Вот откуда я родом.
Встретившись с родиной, я почувствовал, что должен просить прощения за многое, очень многое. Я был исполнен покаянной мольбы о прощении. У Францля хотелось мне просить прощения, ему я причинил больше всего зла. Но Францль недоверчиво отворачивался от меня: «Поживем — увидим». У Ксавера хотелось мне просить прощения, — как могло, в самом деле, случиться, что я поссорился с ним! У Штехеле, учителя музыки, я просил прощения и обещал ему каждый день по часу играть «Грезы» Шумана. Перед бабушкой я тяжко провинился: мне хотелось поскорее вырасти и каждый месяц из моего заработка тайно класть в ее старомодный шкафчик десятимарковый золотой. И Христине я причинял много огорчений. Разве не гадко было задирать ей подол и этим выводить ее из себя? Наконец, родители. Я платил им черной неблагодарностью за все их добро. Но как только я вспомнил об отце, мое покаянное настроение сразу же поколебалось. Нет уж, лучше обратиться к этой прекрасной, мирной картине, обратиться к родине, где повсюду обитает господь бог, и молить его: «Прости меня… И избави меня от лукавого. Аминь».
Это была такая же прекрасная, мирная картина, как та, которую я нарисовал бабушке и под которой написал: «Радость».
Я чуть не забыл дополнить прекрасную, мирную картину кровопролитным боем под Мукденом, где японцы нанесли русским такое ужасное поражение. Генерал Стессель был моим героем, он и от нашего кайзера получил орден. И все-таки Порт-Артур пал. Позже, правда, стало известно, что генерал Стессель был подкуплен японцами, поэтому он почти без сопротивления сдал крепость со всем гарнизоном. Тогда кайзер потребовал свой орден обратно.
И вот из-за лугов и полей, из-за холмов и гор моей родины показался громадный русский флот, он подплывал все ближе. Тишину разорвал грохот страшного Цусимского боя, в котором японцы под командованием адмирала Того пустили ко дну русскую эскадру.
Я сидел высоко на марсе и обозревал море, покрытое трупами и обломками кораблей. На горизонте сплошную завесу клубящегося дыма прорезали вспышки выстрелов из огромных орудий. Столбом вздымалась вода, языки пламени вырывались из раскаленных бронированных башен. К броненосцам подкрадывались торпеды, проносясь почти у самой поверхности воды и оставляя за собой пенящиеся борозды. Так как мне ничего другого не пришло в голову, когда волны сомкнулись над моим тонущим кораблем, то я запел:
О черно-бело-красный флаг,
Мы все — твои сыны —
До гроба каждый вздох и шаг
Тебе отдать должны… Ура!
Отец знал все. Даже название каждой горной вершины. Он ничем не напоминал городского отца: не противился расспросам о той поре, когда был деревенским мальчиком, признавался, что любит свое прошлое, хотя в городе он последнее время не слишком охотно на него оглядывался.
Поутру, поднявшись, — «Генрих!» — будила его мама, — отец наполнял комнату бодрым свистом. За завтраком сидел на террасе без пиджака, пощипывал мать за щеку и нежно звал ее: «Бетти!» На мою тарелку он клал аппетитный крендель. В руках у мамы свисали с ложечки янтарные нити меда. За завтраком пахло хвоей и куковала кукушка. Отец часто снимал пенсне, его глаза не жалили теперь, не были колючими, как в городе, когда он читал свои судебные дела, и он весело хлопал себя по ляжкам волосатыми руками.

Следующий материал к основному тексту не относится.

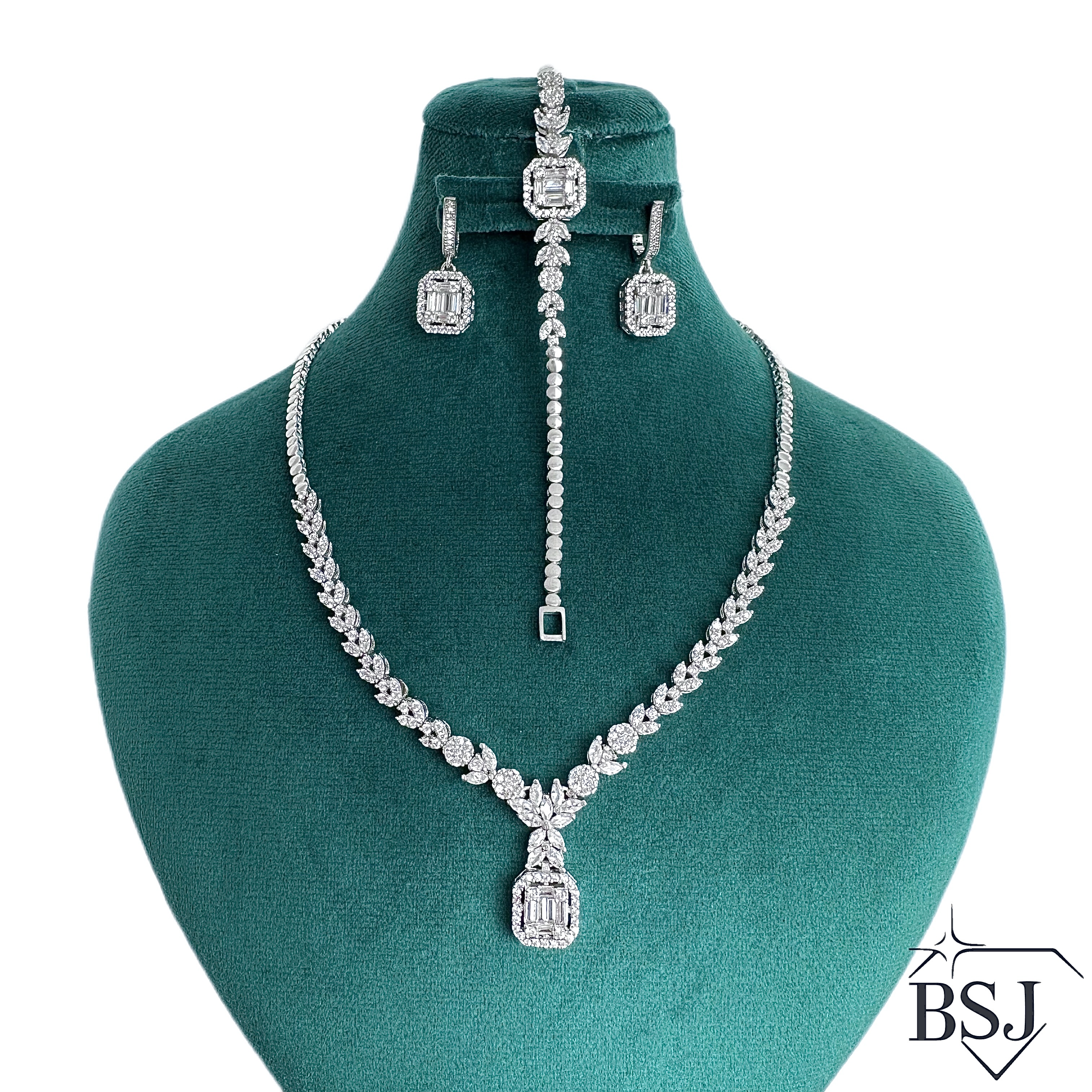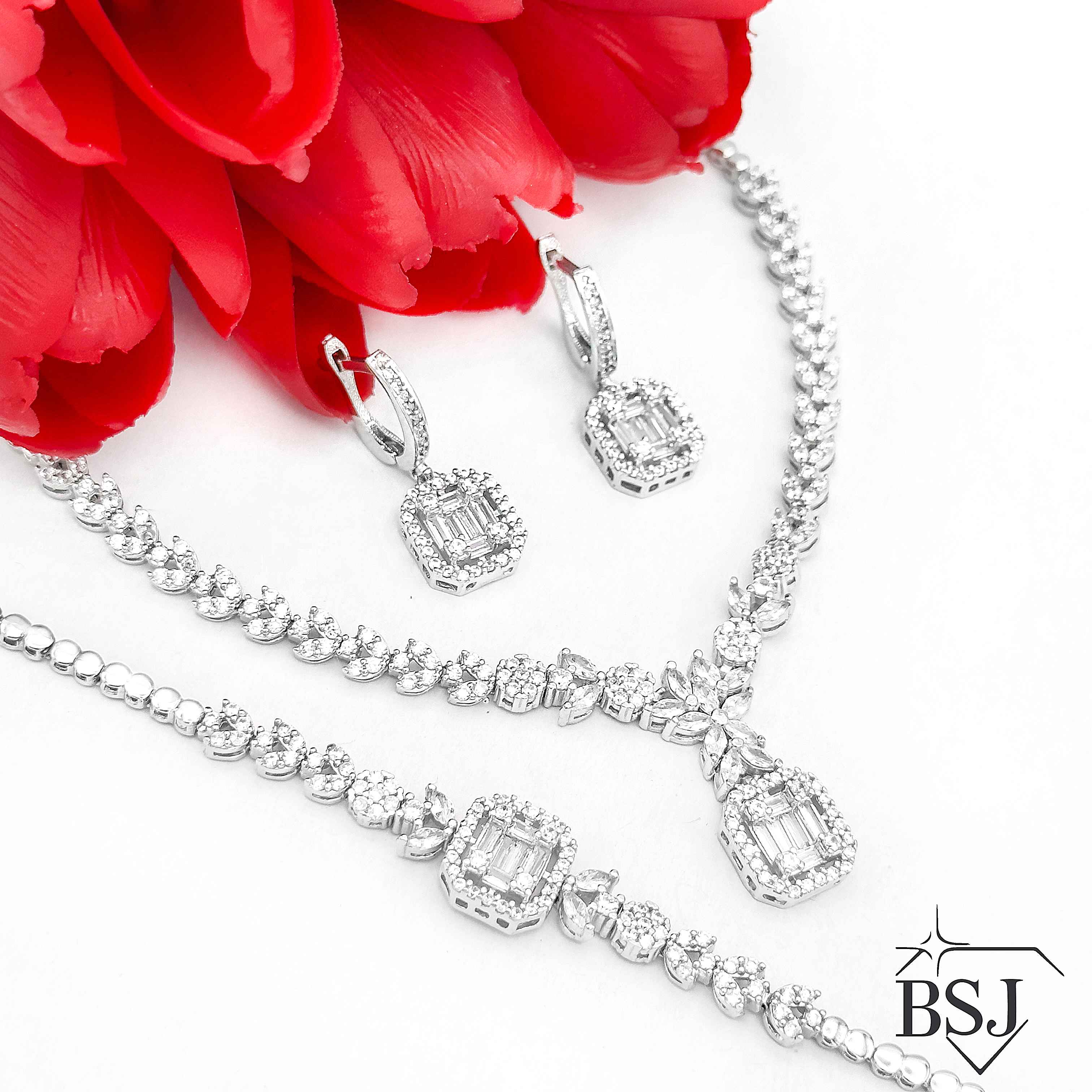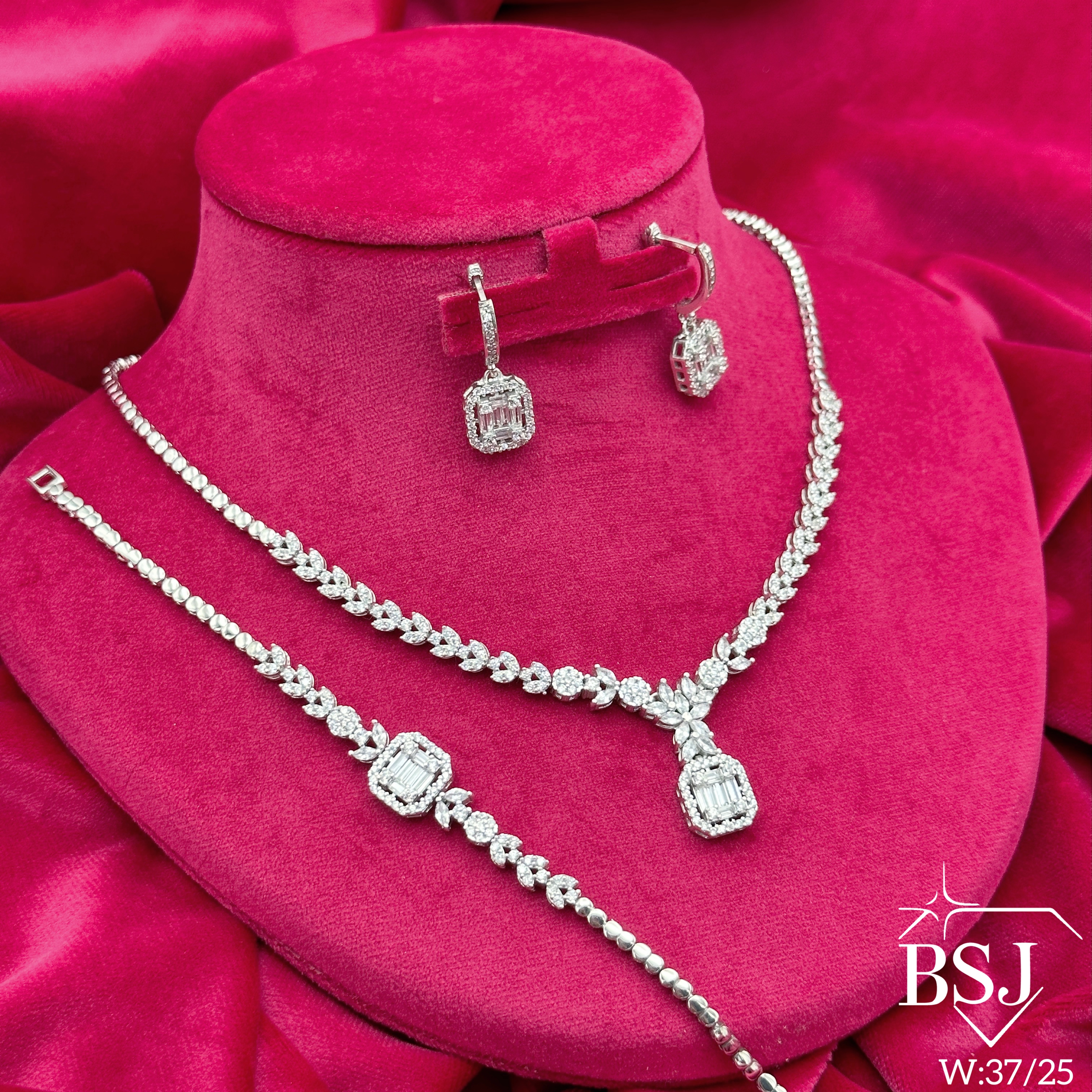 سرویس نقره جواهری زنانه BSJ_S557 از سرویس های شیک و لوکس ساخته شده از نقره با عیار 925 می باشد.سنگ های به کار رفته در آن برلیان و امرالد از جنس اتمی زیرکونیا می باشند که به صورت میکروستینگ مخراج کاری شده اند و در برابر ضربه مقاوم اند.آبکاری دو مرحله ای رودیوم (طلا سفید)، سبب کیفیت بی نظیر دوام رنگ آن شده است و به دلیل عدم استفاده از نیکل در ساختار آن،بدون حساسیت بوده و با پوست حساس سازگار است.به دلیل کیفیت فوق العاده و درخشش عالی سنگ ها، تفاوتی با نمونه طلا ندارد.وزن سرویس 37.25 گرم می باشد.

Отец повел меня в замок на горе.
Дома я не раз вырезал и склеивал из бумаги замок Нойшванштейн. Набив его ватой, я приступал к осаде и обстреливал замок зажженными спичками. Как только пламя охватывало его, я приказывал моим войскам переходить в наступление, а моему оркестру играть «Станем на молитву»… Оловянные солдатики, на которых была возложена защита крепости, плавились в бесформенные комочки. Убитые не выходили из игры, убитые и раненые даже продавались в отдельных коробках на Променаденплаце, в специальном магазине, который так незаметно притаился на углу площади, как будто в нем тайно велись войны: можно было часами простаивать перед его витриной, разглядывая наступающие армии и ярко раскрашенные поля сражений…
Отец держался так, словно был хозяином замка. Гордый и преисполненный сознания своей мощи, переходил он со мной из зала в зал. Валькирии парили на конях, на одном из гобеленов пел Лоэнгрин. Дворцовый привратник позволил нам полюбоваться королевским золотым рукомойником: вода текла из сверкающего клюва золотого лебедя с алмазными глазами. Посреди обнесенного колоннадой двора был искусственный пруд. В полуночный час, под звуки невидимого органа, льющиеся откуда-то сверху, король, одетый рыцарем-лебедем, садился в серебристо-голубую ладью.